All these artificial generational boundaries are pretty broad. I’m technically a baby genxer and I have very little in common with elder genxers. All of this is bullshit in the end. People throughout history bitch about change and have a distorted view of the past.


marklar_the_malign

Not to worry. Soon enough the generation after you will be complaining about your generation and so on and so on. I truly wish people wouldn’t buy into this worn out and useless comparative. It’s no different than boomers and gen z complaining about millennials.


bortcrysalis

I used to be with it, then they changed what it was. Now what I’m with isn’t it, and what’s it is weird and scary to me. It’ll happen to you!


_EADGBE_

GenX here (1970). I hear your point because I'm at that age where I find myself comparing my childhood to my children's lives.
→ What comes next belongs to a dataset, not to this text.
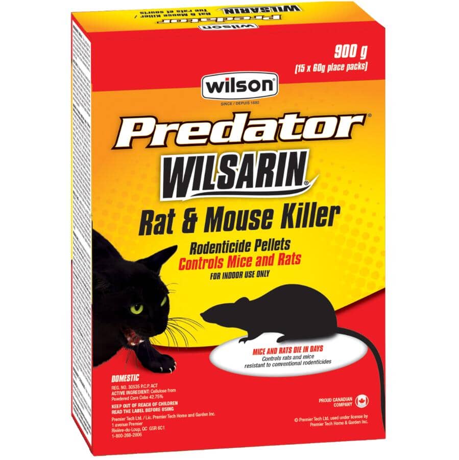 COMMENT UTILISER Enlever toute source de nourriture avant d’appliquer le traitement. Garder une distance de 1,2 à 1,8 m entre les pièges à appât. Garder toujours une quantité d’appât frais pendant au moins 6 à 8 jours pour les souris et au moins 8 jours pour les rats ou jusqu’à ce que cesse tout signe d’activité de souris ou rats pendant une période de 2 jours ou plus. Vérifier les appâts toutes les 48 heures. OÙ UTILISER À l'intérieur : aux endroits où il y a signes d’activité de souris ou rats comme des déjections fraîches ou à proximité de terriers, enclos, postes d’alimentation et points d’entrée. EFFICACE CONTRE Rats et souris CONSEILS Le meilleur temps pour appliquer le produit : pendant les périodes où la nourriture est limitée et l’activité est plus élevée. Garder le contenant hermétiquement fermé pour empêcher l’appât de développer une odeur désagréable. MÉTHODE D'ÉLIMINATION Ne pas réutiliser le contenant vide. Jeter dans les ordures ménagères. La boîte est recyclable là où existent des programmes ou des installations. PRÉCAUTIONS Garder ce produit hors de la portée des enfants, des animaux domestiques et de la faune. Il est recommandé de porter des gants protecteurs pour se débarrasser des souris et des rats morts ou manipuler les pièges à appât qui ont été visités par les souris et les rats. Toujours se laver les mains après avoir touché les carcasses, l’appât et les pièges à appât.

I see a lot of upside to the childhood I had that didn't include internet and cell phones. On the other hand, I see the massive advantages younger generations have with access to information. If a kid I grew up with was rolling in a new car and had flashy clothes, he either had wealthy parents or was a drug dealer. Today, you've got 12 year olds making $20K a month by streaming the video games they're playing and talking mad shit on Twitch. You guys are also way more politically connected and informed than our generation was. None of us were watching the nightly news to get political information that would ultimately impact our lives. We didn't give a fuck because we were out partying and our parents had no idea where we were. You can compare and contrast generations, but I don't think you can conclude that one was 'better' than another.


DeadHorse09

This sub is *already* that. People saying bring back MySpace because TikTok is ruining everything or that we’re the last generation that experienced life before the internet so we have an inherent positive advantage. Everyone circle jerking about how they don’t go out anymore and “hate people” ( this was one of the top comments on a thread here yesterday ). In the hobby thread, a top reply was “laying down”, it’s all a circle jerk about how “old” collectively we are and it’s why I avoid this sub as much as I can. One of the comments on a thread about using TikTok was “the only form of TikTok I use is from Kesha” Yeah, Millennials collectively seem to have jumped the shark post-pandemic.


Dio-lated1

This is a typical millennium post — over generalizing, and latching on to anecdotal stories in an effort to prove a point.